■ About this task
Set down the data below without change, skipping the pictures it holds.

Data extract below:

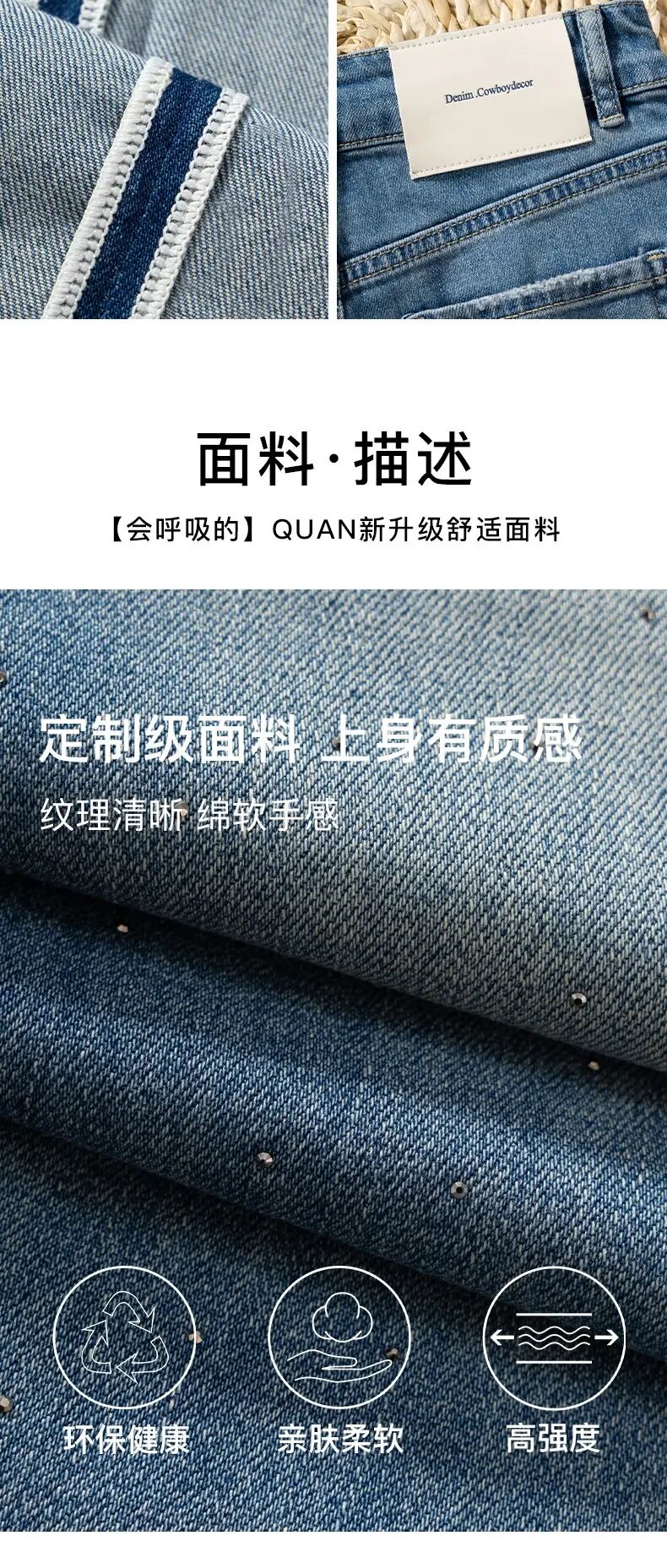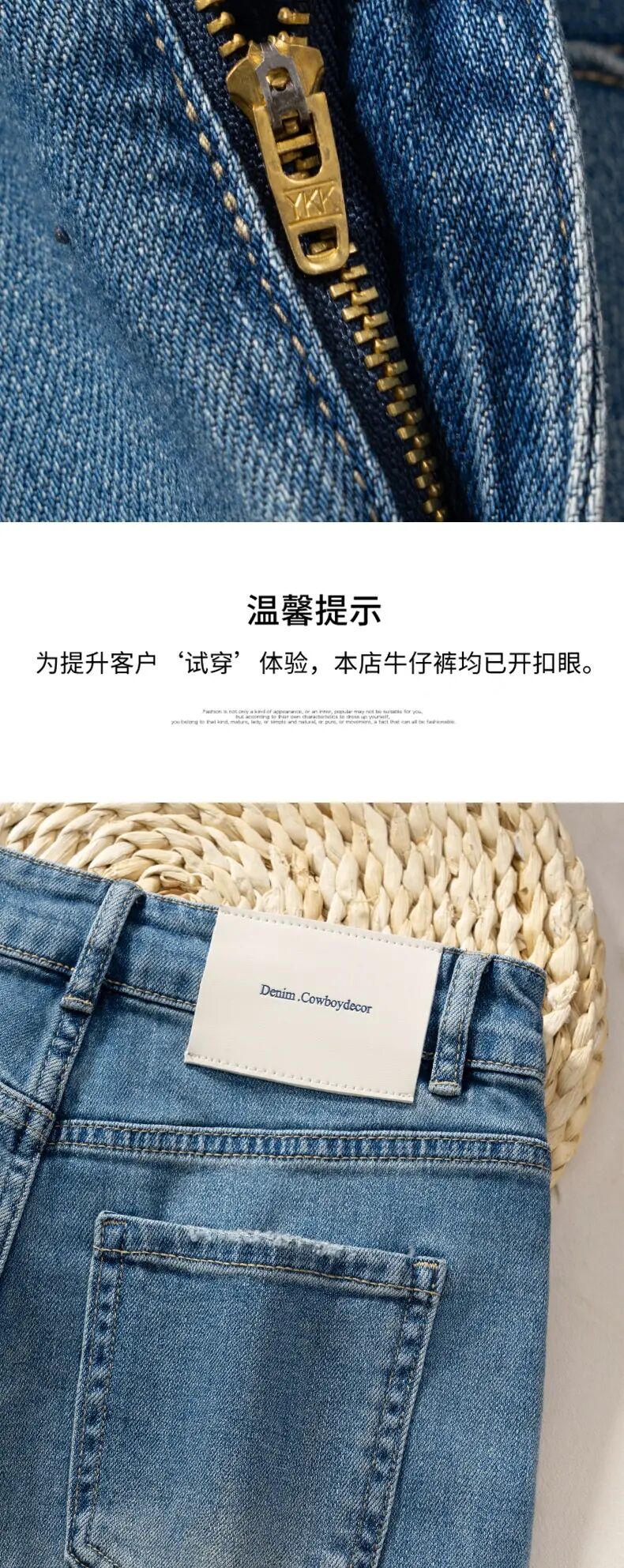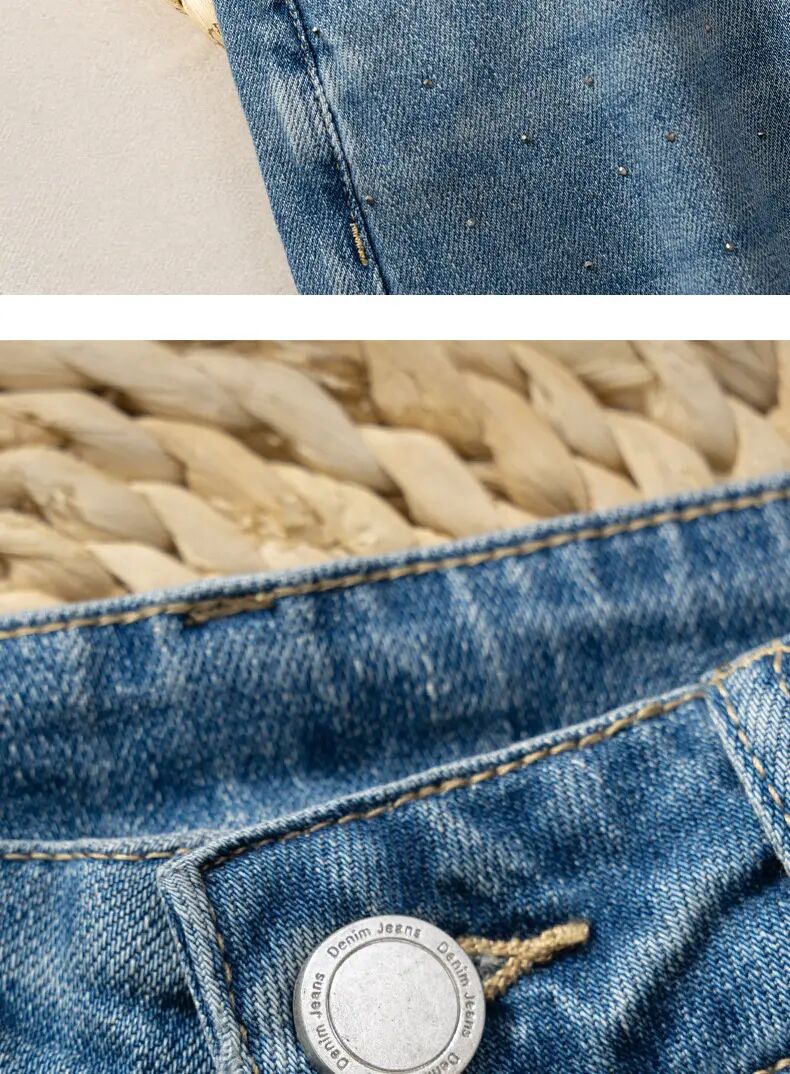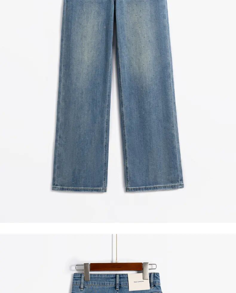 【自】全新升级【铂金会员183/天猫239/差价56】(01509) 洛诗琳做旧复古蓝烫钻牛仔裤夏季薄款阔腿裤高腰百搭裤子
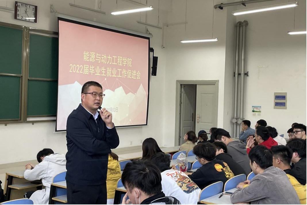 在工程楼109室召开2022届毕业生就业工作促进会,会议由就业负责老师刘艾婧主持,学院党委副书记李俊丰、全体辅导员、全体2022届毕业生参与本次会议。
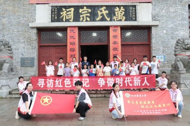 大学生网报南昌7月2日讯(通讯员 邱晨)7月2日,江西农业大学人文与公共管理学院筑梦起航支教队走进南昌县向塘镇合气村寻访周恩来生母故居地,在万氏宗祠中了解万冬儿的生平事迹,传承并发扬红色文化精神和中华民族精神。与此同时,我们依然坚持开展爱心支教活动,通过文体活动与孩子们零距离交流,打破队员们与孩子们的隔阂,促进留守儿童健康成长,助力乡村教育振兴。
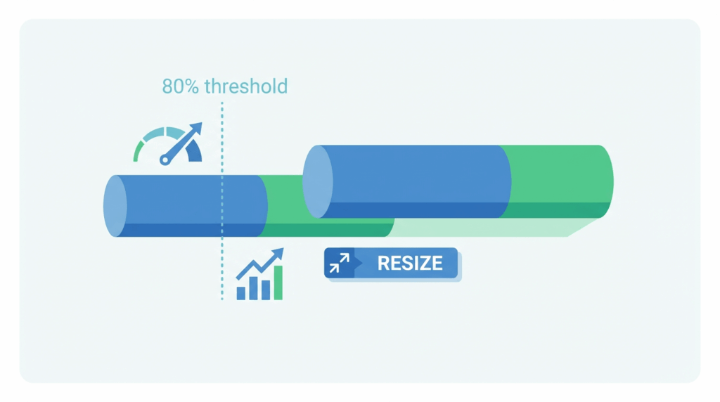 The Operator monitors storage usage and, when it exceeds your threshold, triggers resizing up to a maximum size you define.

End of Data extract.

■ Task answer
 【自】全新升级【铂金会员183/天猫239/差价56】(01509) 洛诗琳做旧复古蓝烫钻牛仔裤夏季薄款阔腿裤高腰百搭裤子
 在工程楼109室召开2022届毕业生就业工作促进会,会议由就业负责老师刘艾婧主持,学院党委副书记李俊丰、全体辅导员、全体2022届毕业生参与本次会议。
 大学生网报南昌7月2日讯(通讯员 邱晨)7月2日,江西农业大学人文与公共管理学院筑梦起航支教队走进南昌县向塘镇合气村寻访周恩来生母故居地,在万氏宗祠中了解万冬儿的生平事迹,传承并发扬红色文化精神和中华民族精神。与此同时,我们依然坚持开展爱心支教活动,通过文体活动与孩子们零距离交流,打破队员们与孩子们的隔阂,促进留守儿童健康成长,助力乡村教育振兴。
 The Operator monitors storage usage and, when it exceeds your threshold, triggers resizing up to a maximum size you define.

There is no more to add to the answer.